Stage B prostate adenocarcinoma. Flow cytometric nuclear DNA ploidy analysis
B. T. Montgomery, O. Nativ, M. L. Blute, G. M. Farrow, R. P. Myers, H. Zincke, T. M. Therneau and M. M. Lieber
Department of Urology, Mayo Clinic, Rochester, MN 55905.
Over a 16-year period (1966 to 1981), 349 patients underwent radical
retropubic prostatectomy for pathologic stage B adenocarcinoma of the
prostate. Nuclear DNA content was measured by flow cytometry on available
archival material of 283 patients. Two hundred sixty-one patients (92%) had
high-quality histograms. The ploidy distribution was as follows: DNA
diploid, 177 (68%); DNA tetraploid, 74 (28%); and DNA aneuploid, 10 (4%).
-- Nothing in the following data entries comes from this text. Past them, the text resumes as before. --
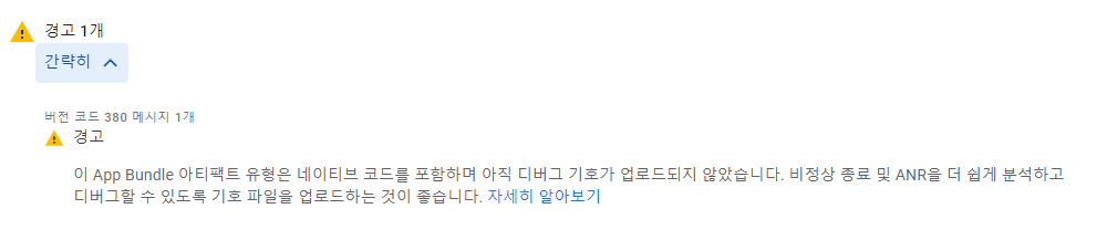 이 App Bundle 아티팩트 유형은 네이티브 코드를 포함하며 아직 디버그 기호가 업로드되지 않았습니다.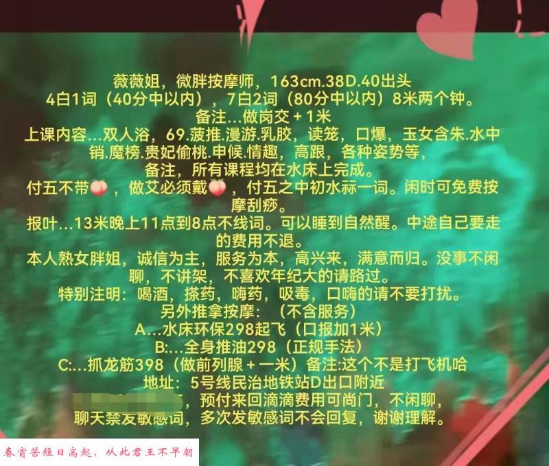 身材很高挑有接近170cm的身高,水多丰满型,是个泻火的好去处,会陪洗、调情、无套吹、以前是做技师的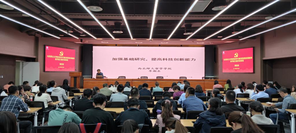 为深入推进党史学习教育,进一步提高公司思政课教师的教学能力,2021年5月11日下午,世界杯8833300足球公司党史学习教育暨思政课教师教学能力提升研修班第四讲在彭家坪校区图书馆南109会议室开讲。西北师范大学党委常委、副董事长李朝东教授为马院全体师生作了题为《加强基础研究,提高科技创新能力》的学术报告。报告会由世界杯8833300足球经理饶旭鹏主持。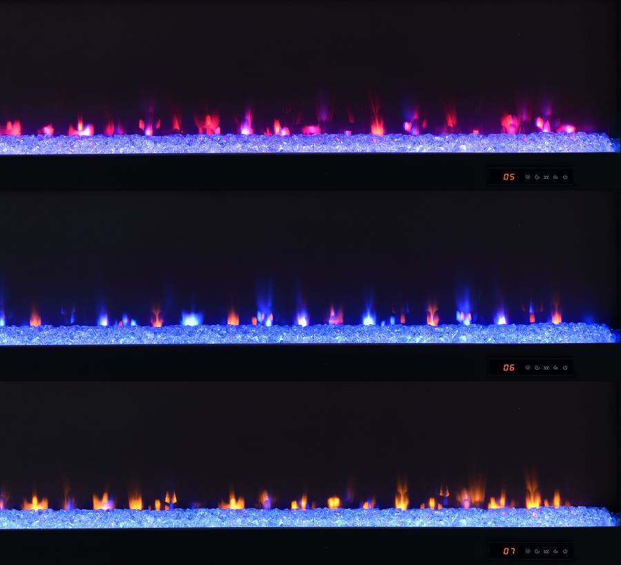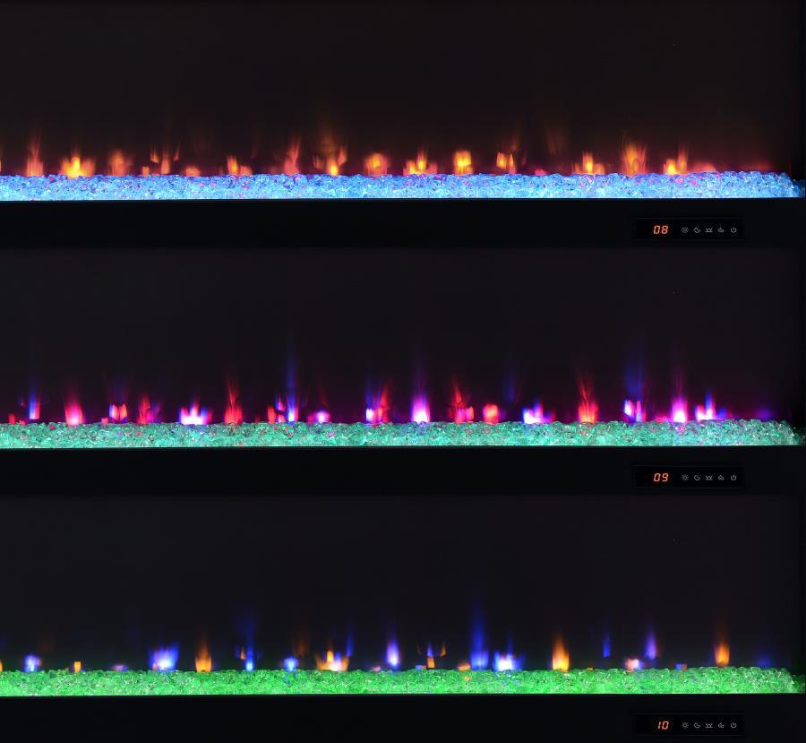 This sleek fireplace media console brings warmth and streamlined storage to contemporary living spaces. A wide electric firebox glows over crushed acrylic crystals, offering fifteen customizable flame colors operated by a wireless remote. Open side compartments with adjustable shelves store devices or décor, while rear cable management cutouts keep wires out of sight. Finished in classic black and crafted from engineered wood with a laminate veneer, it serves as a refined TV stand or entertainment center. Please note that this console does not include a heat function.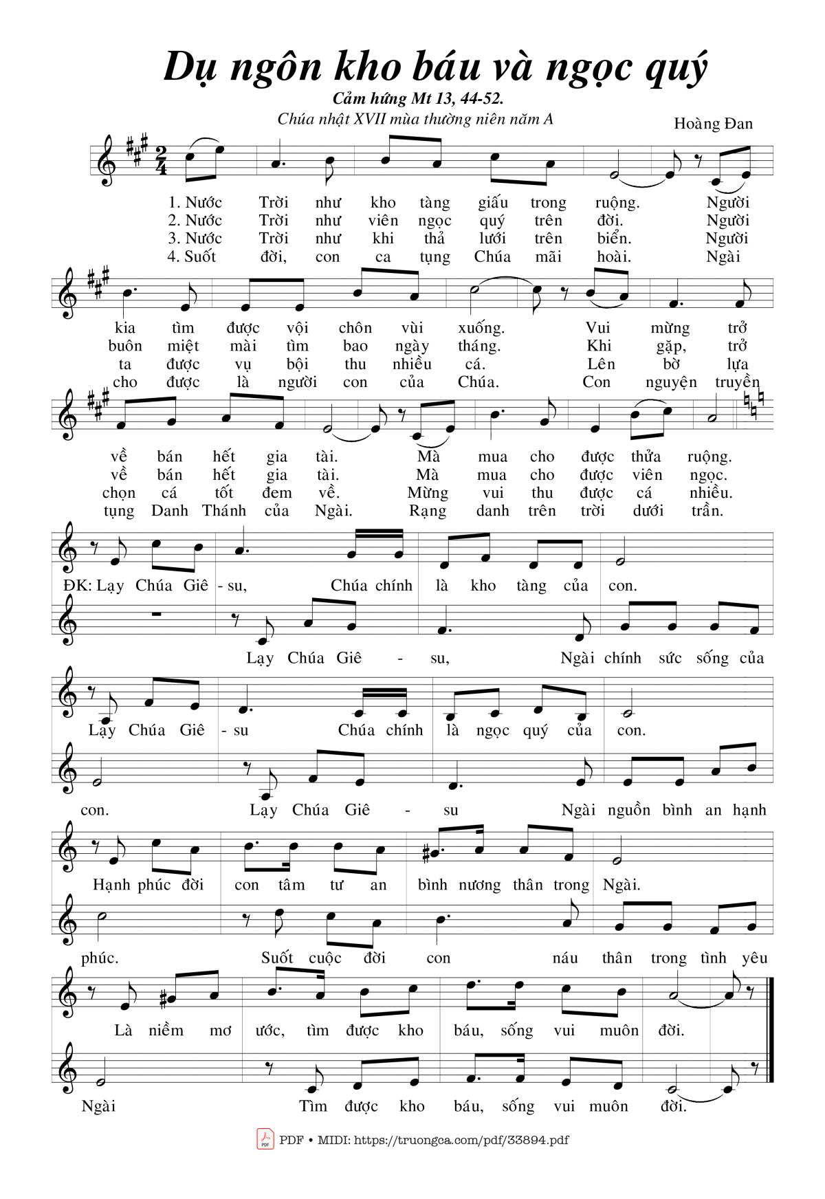 1. Nước Trời như kho tàng giấu trong ruộng. Người kia tìm được vội chôn vùi xuống Vui mừng trở về bán hết gia tài. Mà mua cho được thuở ruộng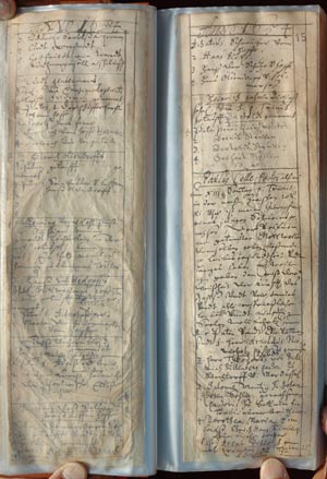 Pages of book are enclosed in protective plastic. For detail of one entry, see following photograph.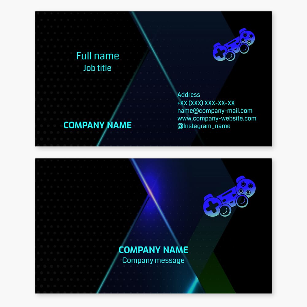 Business card template with a film logo. Film company. Event videography. Videographer, video editor. Film reel, record button, palm branch.
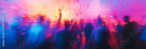 Photo of carefree clubbers blurred movement enjoy electro star performance raise hands up festival confetti modern neon filter panoramic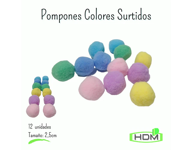 Pompones 2,5cm Pack 20 unidades. Los pompones están hechos de polipropileno. Perfecto para manualidades ,Estos coloridos pompones pueden servir como varias decoraciones para hacer muñecas, proyectos para niños y manualidades. Adecuados para guirnaldas, flecos, fiestas, regalos hechos a mano, proyectos escolares para niños, proyectos de campamento, etc. 12 unidades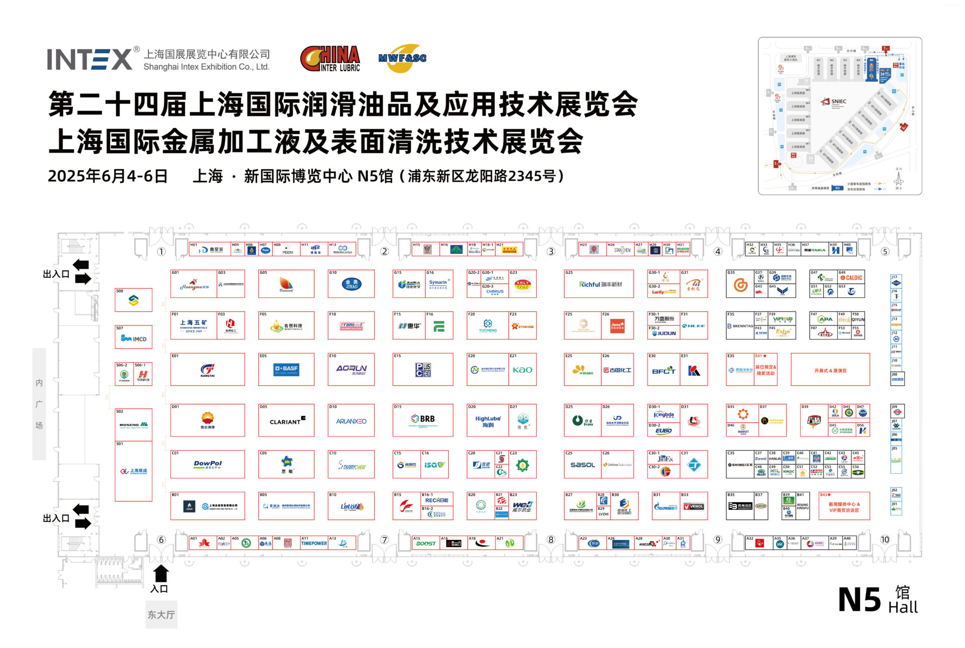 2025上海国际润滑油品及应用技术展览会、上海国际金属加工液及表面清洗技术展览会将于2025年6月4日-6月6日于上海举办,地点为上海新国际博览中心N5馆(浦东新区龙阳路2345号)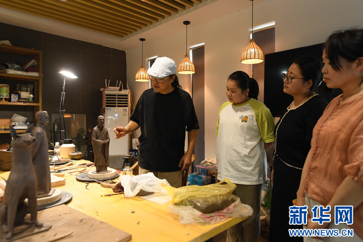 8月6日,在浙江省嘉善县缪家村,文化特派员、嘉兴市非物质文化遗产泥塑项目代表性传承人丁海龙向村民介绍自己正在创作的泥塑作品。新华社记者 翁忻旸 摄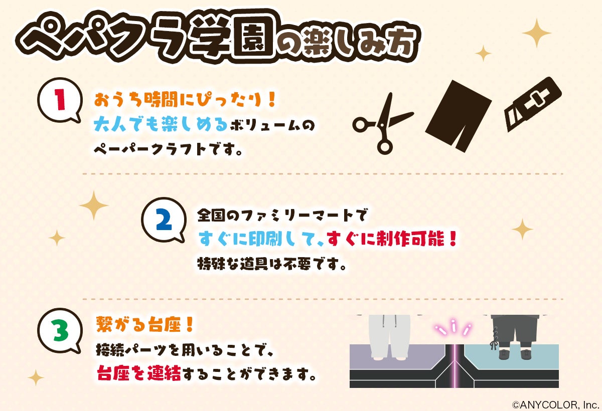 「ペパクラ学園」は細部にまでこだわり、キャラクターたちの可愛さを存分に引き出した高クオリティのペーパークラフトシリーズです。お近くの「ファミリーマート」でプリントし、ご自宅にある道具を使って作成できます。

The average follow-up was 9.4 years. At the time of follow-up, 53 patients
(20%) within the study group had developed tumor progression: 22 local, 23
systemic, and 8 both. The ploidy distribution of the population that
developed tumor progression was 27 DNA diploid (51%), 16 DNA tetraploid
(30%), and 10 DNA aneuploid (19%). This ploidy distribution is
significantly different from that found for the nonprogression group with
stage B disease. Overall, 31% of patients with DNA nondiploid tumors had
tumors that progressed compared with 15% of patients with DNA diploid
tumors. All (100%) DNA aneuploid tumors progressed. The DNA ploidy
distribution of all pathologic stage B prostate cancers differs
significantly from that found in more advanced stages (C and D1) previously
reported for the same time interval. However, the ploidy distribution of
stage B tumors that progressed closely resembles that of the stage C and D1
tumors. These results further support the working hypothesis that nuclear
DNA content has marked prognostic significance for patients with
adenocarcinoma of the prostate. It seems to us that analysis of ploidy by
flow or static cytometry will become an essential tool for treating
patients with localized prostate cancer.